For practical reasons, I decided that the wines I choose should be accessible to everyone at a reasonable price. Thanks to Carolyn E. Hammond's new book Good, Better, Best Wines: A No-Nonsense Guide to Popular Wines, I now have a list of wines to choose from and know what to expect. I decided that every other week I would try a new wine from Hammond's book and see if my experiences coincide with what is stated. Also, I will be doing research on the grapes to discover trade secrets, ideal food pairings, and special techniques in order to get the best experience possible. Hopefully, we will start to appreciate wine and all the subtle unique characteristics that we tend to overlook. Let's uncork this journey and see what happens.

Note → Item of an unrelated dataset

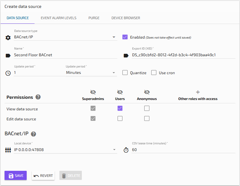 Data Source Type: BACnet/IP

I originally wanted to try a White Blend Best ($$) Riunite Bianco, Italy but I couldn't find it so I decided on a Red Blend Best ($$) [yellow tail] Shiraz-Grenache, South Eastern Australia. I purchased the wine on 4/5/11 at Safeway for $7.99 -$2.00 + .55 Tax = $6.54

Hammond's review: Smoky, concentrated, and ripe with a generous kick of spice, it's an easy crowd-pleaser. Full-bodied with 13.5% alcohol. It's really not surprising this is one of America's favorite wines.
"Warning: [yellow tail] is not for those who prefer a bone dry, less fruit-forward style of wine. But those who like this round, fleshy, sweet-fruited style like [yellow tail] a lot!"

My review: For my first attempt at actually tasting wine, it won't come as a surprise that it didn't go quite so well. First off, I didn't have the book handy so I had nothing to reference. Second, I was uncertain of what temperature the wine should be or was at which can drastically alter the entire experience if not served properly. Lastly, I didn't know if decanting or aerating it would make a difference. From what I have studied, only about 5-10% of wines actually benefit from "breathing", the rest can be drank out of the bottle more or less. I decided to play around with various options just to see if it made a huge difference.

Despite what I did, I was unable to discern the difference it made on the overall experience. As far as what I did experience, there was a sweet aroma of maple syrup mixed with fresh berries. I also noticed a distinct kick to the wine but had a light sweet finish. My friends agreed but admitted that due to their years of cigarette abuse, their palate was unreliable.

Overall, I enjoyed the wine and thought that it was a solid value. After this experience, I realized that this journey will be harder than I had imagined but with a little luck it will all make sense in the end.